Word of the Day: still

Word of the Day
August 12, 2016
still (adjective, adverb, verb, noun)
/stɪl/  sound icon
 
 
As an adjective, still means 'without moving,' 'silent or quiet,' and also 'calm and peaceful.' When referring to water, it means 'not flowing.' As a verb, still means 'to silence or calm something or someone' and also 'to reduce or lessen.' As a noun, still is a synonym for 'calmness,' and in photography, a still is a static photograph. As an adverb, still indicates that something that has begun in the past is continuing at the moment of speaking, that something that has happened in the past is likely to be repeated in the future, or that something that has been obtained or achieved is not considered sufficient.

 

Example sentences
 
The mouse kept very still, hoping the cat wouldn't see it.
Everyone was asleep and the whole house was still.
The lake was still with not even a ripple on its surface.
The horse was nervous, but the rider stilled him with a gentle pat on the neck.
John's reassurances stilled Ian's fears.
The still of the afternoon was broken by a loud bang.
It's 10 PM and I'm still working!
This government has achieved many things, but we must still do more.

 

Words often used with still
 
But still is a common expression that means even so and it is used when there is a contradiction. This can be used in the middle of the sentence or is sometimes used on its own. For example, "I love my husband, but still, I'm worried about my marriage." When used on its own, but still implies that there are still concerns, despite the previous sentence. So for this example, we could also say, "I love my husband. But still…." If you hear this, you can assume the speaker is worried about her husband, even though she doesn't say it explicitly.
 
Additional information
 
Still is also a conjunction that means 'but yet' or 'nevertheless.' Example: "With twenty minutes to go, the team knew they had lost the game; still they kept on playing to the end."
 
Did you know?
 
Still water is not carbonated. In the US and UK, this is what people drink most of the time, and if you ask for water, everyone will assume that you want still water. The opposite is sparkling water.

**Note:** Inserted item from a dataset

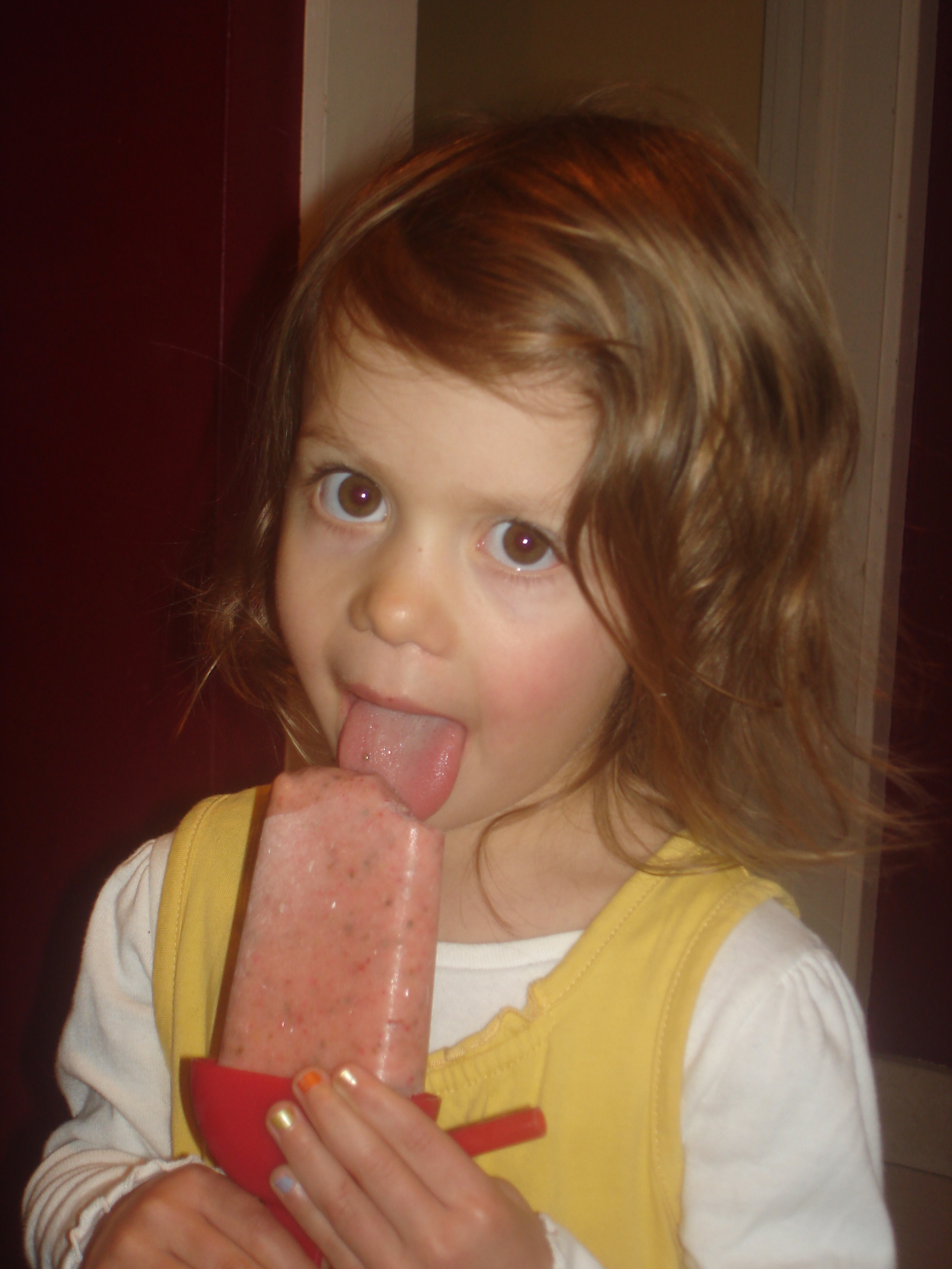 I know you are probably wondering why I’m writing about popsicles in the middle of winter in Colorado! Well, today was one of those beautiful sunny days where despite the lingering snow on the ground you almost forget that it’s winter. And with bulbs starting to break ground it really feels like spring is around the corner. So in honor of this beautiful day, we decided to make smoothie popsicles, one of my daughter’s absolute favorite treats!

Though it is very normal to drink sparkling water in many countries, in the US, many people are not used to drinking it and fewer people like it there than in Europe.
 
Other forms
 
stillness (noun)
 
Origin
 
Still dates back to before the year 900. The adjective and adverb were used in Middle English, still(e), and before then in Old English, stille. Its use as a noun first appeared in Middle English around the year 1200, meaning 'a calm,' and came from the adjective. Its meaning expanded to quietness around the year 1600. Of course, the meaning of 'a photograph' appeared much later, in 1916, after the invention of film made a distinction necessary in some cases. The verb probably also came from the adjective, but has been around just as long. The Old English stillan gave way to the Middle English styllen, leaving us with the version we use today. It is related to the German adjective still and verb stillen, as well as the Dutch adjective and adverb stil and verb stillen.